While we do not believe that any of our products infringe any valid claims of patents or other proprietary rights held by others, there can be no assurances that we do not infringe any patents or other proprietary rights held by them. If our products were found to infringe any proprietary right of another party, we could be required to pay significant damages or license fees to such party or cease production, marketing and distribution of those products. Litigation may also be necessary to enforce patent rights we hold or to protect trade secrets or techniques we own. We are currently involved in an intellectual property lawsuit with Howmedica Osteonics Corp., a subsidiary of Stryker Corporation. See “Legal Proceedings” for an additional discussion of this lawsuit.
We also rely on trade secrets and other unpatented proprietary technology. There can be no assurances that we can meaningfully protect our rights in our unpatented proprietary technology or that others will not independently develop substantially equivalent proprietary products or processes or otherwise gain access to our proprietary technology. We seek to protect our trade secrets and proprietary know-how, in part, with confidentiality agreements with employees and consultants. There can be no assurances, however, that the agreements will not be breached, adequate remedies for any breach would be available, or competitors will not discover or independently develop our trade secrets.
Third-Party Reimbursement
In the United States., as well as in foreign countries, government-funded or private insurance programs, commonly known as third-party payors, pay a significant portion of the cost of a patient’s medical expenses. A uniform policy of reimbursement does not exist among all of these payors relative to payment of claims or enforcement of guidelines established by the Centers for Medicare and Medicaid Services (CMS). Therefore, reimbursement can be quite different from payor to payor as well as from one region of the country to another. We believe that reimbursement is an important factor in the success of any medical device. Consequently, we seek to obtain reimbursement for all of our products.
Reimbursement in the U.S. depends on our ability to obtain FDA clearances and approvals to market our products. Reimbursement also depends on our ability to demonstrate the short-term and long-term clinical and cost-effectiveness of our products from the results obtained from our clinical experience and formal clinical trials. We present these results at major scientific and medical meetings and publish them in respected, peer-reviewed medical journals.

12


Table of Contents

All U.S. and foreign third-party reimbursement programs, whether government funded or insured commercially, are developing increasingly sophisticated methods of controlling health care costs through prospective reimbursement and capitation programs, group purchasing, redesign of benefits, second opinions required prior to major surgery, careful review of bills, encouragement of healthier lifestyles and exploration of more cost-effective methods of delivering health care. These types of programs can potentially limit the amount which health care providers may be willing to pay for medical devices.
CMS has adopted prospective payment systems with respect to U.S.-government funded patients for services performed in hospital settings and all approved procedures performed in ambulatory surgery centers. These prospective payment systems reimburse hospitals according to a system of groupings that classify patients into clinically cohesive groups based on similar diagnosis and consumption of hospital resources. The payment rate for each grouping is established by CMS based on the national average cost associated with each category of treatment. The prospective payment is intended to reimburse the facility for all costs associated with the patient’s care, including all medical devices.
The majority of non-government funded payors have adopted payment systems based on the prospective payment methodology established by CMS. In some cases, however, particularly within the outpatient surgery center setting, providers continue to issue payments based on each component of the patient’s care. In these situations, facilities charge payors separately for any medical devices used during treatment. Reimbursement is typically based on the cost of the device plus a small administrative fee.
If adequate levels of reimbursement from third-party payors outside of the U.S. are not obtained, international sales of our products may decline. Outside of the U.S., reimbursement systems vary significantly by country. Many foreign markets have government-managed health care systems that govern reimbursement for new medical devices and procedures. Canada and some European and Asian countries, in particular France, Japan, Taiwan, and Korea, have tightened reimbursement rates.

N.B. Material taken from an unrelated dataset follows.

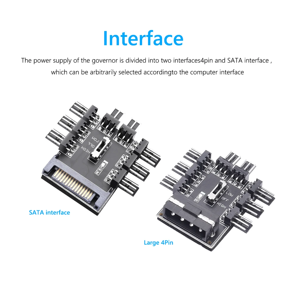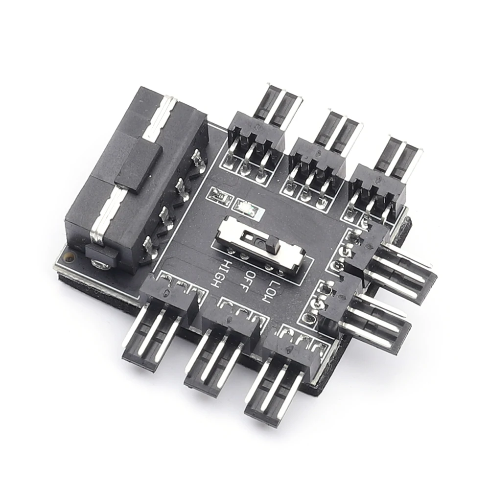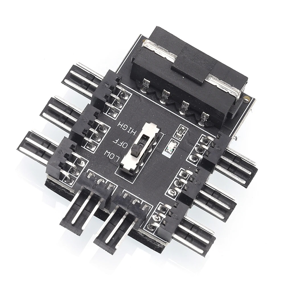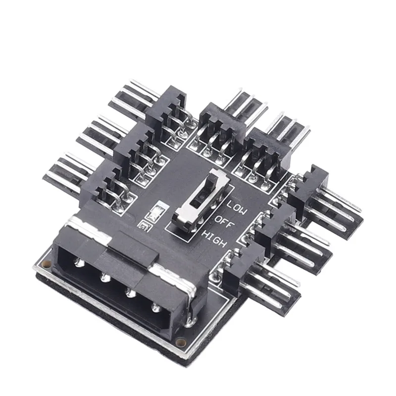 3. Controla 8 ventiladores al mismo tiempo: admite ventiladores con interfaz pequeña 3P/pequeña 4P, conecta 8 ventiladores al mismo tiempo.

Additionally, some foreign reimbursement systems provide for limited payments in a given period and, therefore, result in extended payment periods.
Employees
As of December 31, 2005, we employed approximately 990 people in the following areas: 410 in manufacturing, 310 in sales and marketing, 150 in administration, and 120 in research and development. We believe that we have an excellent relationship with our employees.
Environmental
Our operations and properties are subject to extensive federal, state, local and foreign environmental protection and health and safety laws and regulations. These laws and regulations govern, among other things, the generation, storage, handling, use and transportation of hazardous materials and the handling and disposal of hazardous waste generated at our facilities. Under such laws and regulations, we are required to obtain permits from governmental authorities for some of our operations. If we violate or fail to comply with these laws, regulations or permits, we could be fined or otherwise sanctioned by regulators. Under some environmental laws and regulations, we could also be held responsible for all of the costs relating to any contamination at our past or present facilities and at third-party waste disposal sites.
We believe our costs of complying with current and future environmental laws, regulations and permits, and our liabilities arising from past or future releases of, or exposure to, hazardous substances will not materially adversely affect our business, results of operations or financial condition, although there can be no assurances that they will not.
Available Information
Our website is located at www.wmt.com. We make available free of charge through this website our annual reports on Form 10-K, quarterly reports on Form 10-Q, current reports on Form 8-K, and amendments to those reports filed with or furnished to the Securities and Exchange Commission (SEC) pursuant to Section 13(a) or 15(d) of the Securities Exchange Act of 1934, as amended, as soon as reasonably practicable after they are electronically filed with or furnished to the SEC.

13


Table of Contents

Item 1A. Risk Factors.
Our business and its future performance may be affected by various factors, the most significant of which are discussed below.
We are subject to substantial government regulation that could have a material adverse effect on our business
The production and marketing of our products and our ongoing research and development, preclinical testing and clinical trial activities are subject to extensive regulation and review by numerous governmental authorities both in the U.S. and abroad. See “Business – Government Regulation” for further details on this process. U.S. and foreign regulations govern the testing, marketing and registration of new medical devices, in addition to regulating manufacturing practices, reporting, labeling and recordkeeping procedures. The regulatory process requires significant time, effort and expenditures to bring our products to market, and we cannot be assured that any of our products will be approved. Our failure to comply with applicable regulatory requirements could result in these governmental authorities:
  imposing fines and penalties on us;
 
  preventing us from manufacturing or selling our products;
 
  bringing civil or criminal charges against us;
 
  delaying the introduction of our new products into the market;
 
  recalling or seizing our products; or
 
  withdrawing or denying approvals or clearances for our products.
Even if regulatory approval or clearance of a product is granted, this could result in limitations on the uses for which the product may be labeled and promoted. Further, for a marketed product, its manufacturer and manufacturing facilities are subject to periodic review and inspection. Subsequent discovery of problems with a product, manufacturer or facility may result in restrictions on the product, manufacturer or facility, including withdrawal of the product from the market or other enforcement actions.
We are currently conducting clinical studies of some of our products under an IDE. Clinical studies must be conducted in compliance with FDA regulations, or the FDA may take enforcement action. The data collected from these clinical studies will ultimately be used to support market clearance for these products. There is no assurance that the FDA will accept the data from these clinical studies or that it will ultimately allow market clearance for these products.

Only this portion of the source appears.